Visual release hallucinations (described as Charles Bonnet Syndrome or CBS) are thought to result from disinhibition of visual cortical neurons following acquired blindness. While visual release hallucinations are often non-distressing and present with retained insight, a portion of patients with continuous or thematically upsetting visual hallucinations report distress and quality of life impairment. Few systematic investigations into management options for individuals with CBS have been conducted.

Methods

Pubmed, Embase, and Cochrane were searched from inception until 09/30/24 according to guidelines from PRISMA. The input “visual release hallucinations” OR “Charles Bonnet Syndrome” AND “treatment” OR “management” were used to generate search queries. Observational and experimental studies involving behavioral, environmental, or medication management options in humans were eligible for inclusion. Studies reporting resolution of acute-onset CBS following discontinuation of iatrogenic medication or other acute reversible causes were excluded from analysis.

Results

13 studies meeting pre-specified inclusion criteria were found. One double-blind RCT found significant improvement in visual hallucinations with minimal tolerability issues from the use of tDCS. An open-label investigation of a Japanese herbal preparation (Yi-gi san) found improvement in visual hallucinations after a 4 week period of treatment. The remainder of data described individual cases and case series, with individual reports describing successful treatment of CBS with agents including anti-epileptic medication, antipsychotics, and cholinesterase inhibitors. Case reports noting successful use of supportive treatments such as psychoeducation, eye-training exercises, and social support were also found.

Conclusions

Though classically described as non-distressing and with preserved insight, Charles Bonnet Syndrome can meet the threshold for treatment.

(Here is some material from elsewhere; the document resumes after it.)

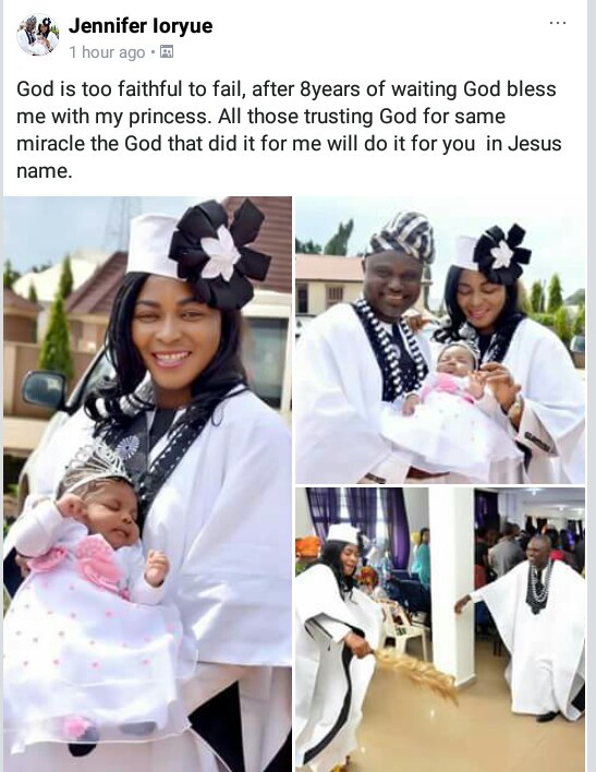 Nigerian woman, Jennifer and her husband welcomed a daughter after eight years of waiting. Congrats to them!

Pharmacologic options appear to be effective in single case reports (and may be attractive based on theoretical etiological considerations) but may carry the potential for adverse effects. Results from a single RCT investigating tDCS argue in favor of the use of neuromodulation in some patients. Evidence to strongly support any treatment option for Charles Bonnet Syndrome is limited at this time, though psychosocial and environmental interventions appear attractive based on their lack of iatrogenic effects. Data from high quality prospective studies is needed to make further conclusions about management options in Charles Bonnet Syndrome.
62. 管理视觉释放幻觉:一个系统的回顾
视觉释放幻觉(被描述为Charles Bonnet综合征或CBS)被认为是由获得性失明后视觉皮质神经元的抑制解除引起的。虽然视觉释放幻觉通常是无痛苦的,并且呈现出保留的洞察力,但一部分患有持续或主题上令人不安的视觉幻觉的患者报告了痛苦和生活质量损害。对CBS患者的管理方案进行的系统调查很少。方法根据PRISMA的指南,检索spubmed、Embase和Cochrane自成立至2009年9月30日。输入“视觉释放幻觉”或“查尔斯邦纳综合征”和“治疗”或“管理”用于生成搜索查询。涉及人类行为、环境或药物管理选择的观察性和实验性研究符合纳入条件。报告停药或其他急性可逆性原因后急性起病CBS消退的研究被排除在分析之外。结果13项研究符合预定的纳入标准。一项双盲随机对照试验发现,使用tDCS对视觉幻觉有显著改善,耐受性问题最小。一项对日本草药制剂(益脂散)的开放标签调查发现,治疗4周后,视幻觉有所改善。其余的数据描述了个别病例和病例系列,个别报告描述了抗癫痫药物、抗精神病药物和胆碱酯酶抑制剂对CBS的成功治疗。病例报告指出,成功使用支持性治疗,如心理教育、眼训练练习和社会支持。结论:虽然经典的描述是无痛苦和保留洞察力,查尔斯邦纳综合征可以达到治疗的门槛。在单个病例报告中,药物选择似乎是有效的(并且可能基于理论病因学考虑而具有吸引力),但可能具有潜在的不良反应。一项调查tDCS的随机对照试验结果支持在一些患者中使用神经调节。尽管社会心理和环境干预措施因其缺乏医源性影响而显得很有吸引力,但目前有力支持查尔斯邦纳综合征任何治疗方案的证据有限。需要来自高质量前瞻性研究的数据才能对查尔斯邦纳综合征的治疗方案做出进一步的结论。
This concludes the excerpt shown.